Review by Conor Fynes
2 stars 'The Rights Of Spring' - Sébastien Gramond (4/10)

Here is another album by this prolific French prog rock/jazz artist, that seems to be piggybacking upon the relative success of the prior album 'Always And Forever'. Always a musician that one can expect to reinvent himself on an almost constant basis, Gramond makes less of a clear jump with this one, instead taking one element of the relatively diverse past album and flesh it out into something less over the place. What has resulted is not an album that is stronger than 'Always And Forever', but instead a piece of work that focuses its efforts on the less interesting side of Gramond's work thus far.

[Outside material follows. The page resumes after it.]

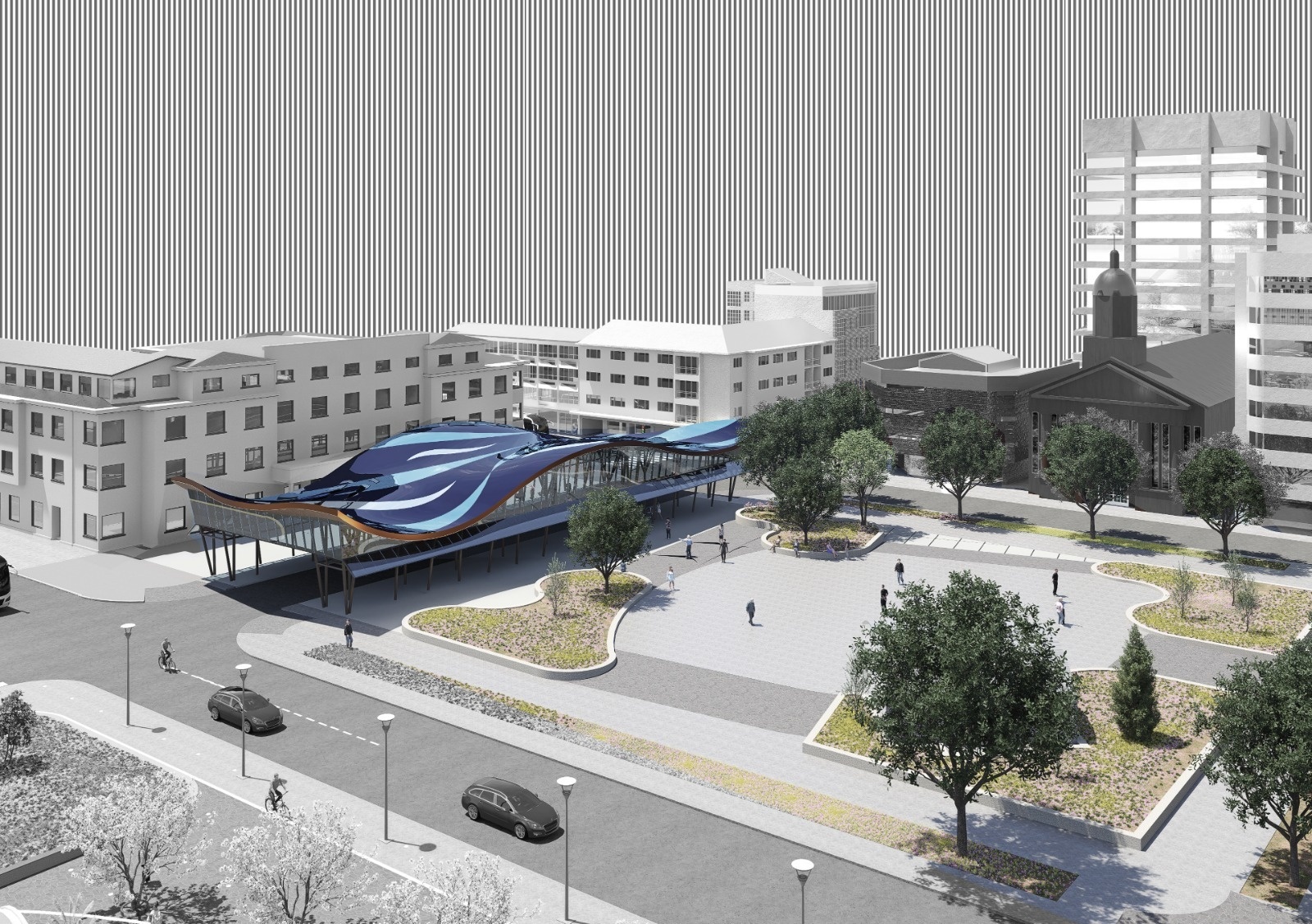En total será una cuadra de 900 metros cuadrados ubicada a un costado de la Plaza de Armas, la que tendrá un techo ondulado de acero, el que simula ser las escamas de un pez. También contará con muros vidriados que podrán cerrar o abrir el recinto a la voluntad

That side turns out to be the rather banal classic organ rock Gramond dabbled in earlier works. Sounding a bit like the Doors with far weaker vocals, Gramond hasn't been a big pleaser when it comes to his more rock-based work, but he has shown potential, from an instrumental standpoint. While 'The Rights Of Spring' is certainly the most consistent of the classic rock releases, it feels in many ways like one of the poorer ones, due to a few highly annoying traits the music has.

Firstly should come as no surprise to anyone that has heard early Sébastien Gramond before, but the vocals here have gone back from being mediocre, to being poor again. Gramond is unfortunately not a skilled singer and sings in an off-key yowl that isn't pleasant to lsiten to at all. This is made all the more of a shame due to the great talent that's evident in the way he plays the guitar. Bearing a stark resemblance in sound to that of a blues player, he really manages to belt out some great solos and technical work throughout the album that is worth an intent listen.

One final remark that makes the album less successful (or more successful, in some proggers' eyes) is the fact that the musical highlight of the album 'Desrever Edalam Tnemetelpmoc' has large sections that sound like a note-for-note reconstruction of King Crimson's famous classic track '21st Century Schizoid Man'. Everything from the grimy guitars to the chord production to the drum fills make the impression highly vivid that Gramond is trying to piggyback on that song's success.

'The Rights Of Spring' unfortunately isn't a bright moment for Gramond, although there's much hope yet for the future.